JAVA Concurrent Container - Concurrent SkipListMap, Concurrent SkipListSet

Keywords: Programming Redis

Concurrent SkipListMap is actually a concurrent version of TreeMap. TreeMap uses red and black trees and is sorted in the order of key s (natural order, custom order), but it is non-thread-safe. In concurrent environments, it is recommended to use Concurrent HashMap or ConcurrentSkipListMap.

Concurrent SkipListSet is actually a concurrent version of TreeSet. TreeSet uses a red-black tree at the bottom and is sorted in the order of key s (natural order, custom order), but it is non-thread-safe if it is Concurrent SkipListSet in a concurrent environment.

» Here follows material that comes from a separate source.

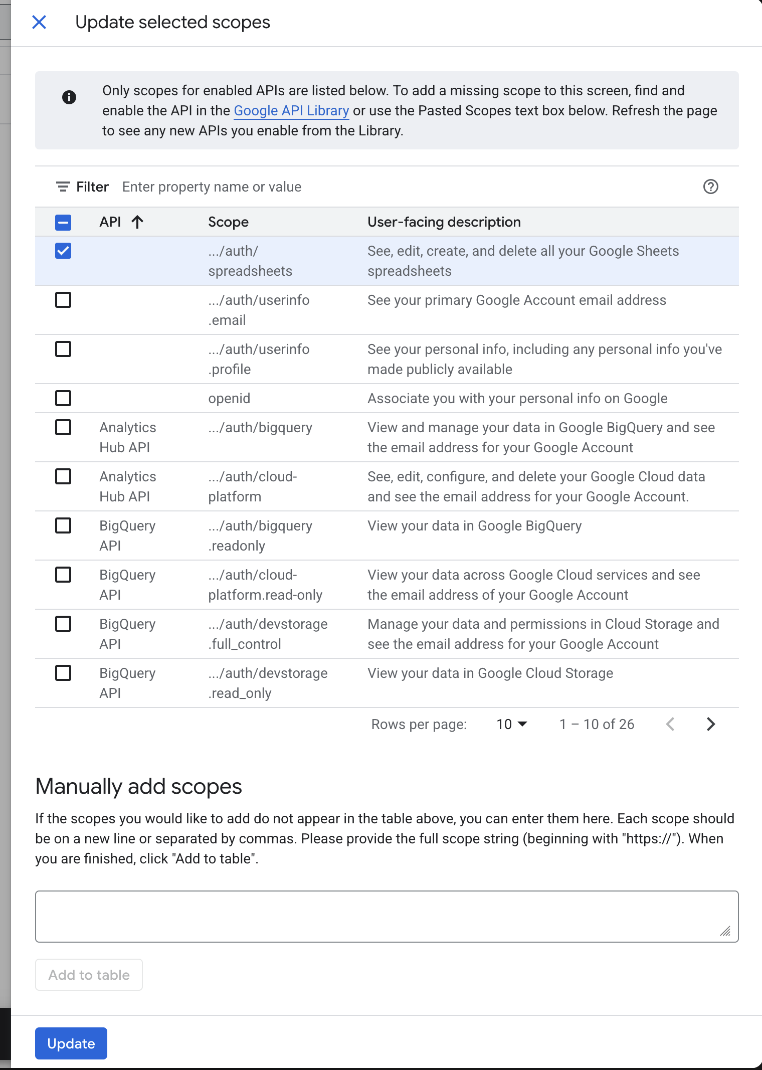 - Click the “Add or remove scopes” button. You should see a list of available scopes, as shown below. Select the scope labeled “See, edit, create, and delete all your Google Sheets spreadsheets.”

The bottom layer of Concurrent SkipListMap and Concurrent SkipListSet is implemented by using jump table data structure. The jump table is called jump table. It is a randomized data structure and can be regarded as a variant of binary tree. By using "jump" lookup, the complexity of inserting and reading data becomes O (logn). . It has the same performance as red-black tree and AVL tree, but the principle of jump table is very simple, and it is used in Redis and LeveIDB at present.

Jump table is a typical "space for time" algorithm, which improves the efficiency of search by adding forward pointers to each node. The basis of implementing jump table is to ensure the orderliness of elements.

Structural drawing

As can be seen from the figure, the jump table is mainly composed of the following parts:

  • head: The node pointer responsible for maintaining the jump table.
  • Jump table nodes: Keep element values, as well as multiple layers.
  • Layer: Keep pointers to other elements. The number of elements crossed by high-level pointers is greater than or equal to that of low-level pointers. In order to improve the efficiency of searching, the program always starts from high-level, and then slowly reduces the level as the range of element values shrinks.
  • End of the table: All of them are made up of NULL, which indicates the end of the jump table.

Source Code Analysis of Concurrent SkipListMap

Concurrent SkipListMap Class Diagram

Search node

Let's look at the process of finding 9: head(4)->4(4)->4(3)->4(2)->7(2)->7(1)->9

ConcurrentSkipListMap.findPredecessor()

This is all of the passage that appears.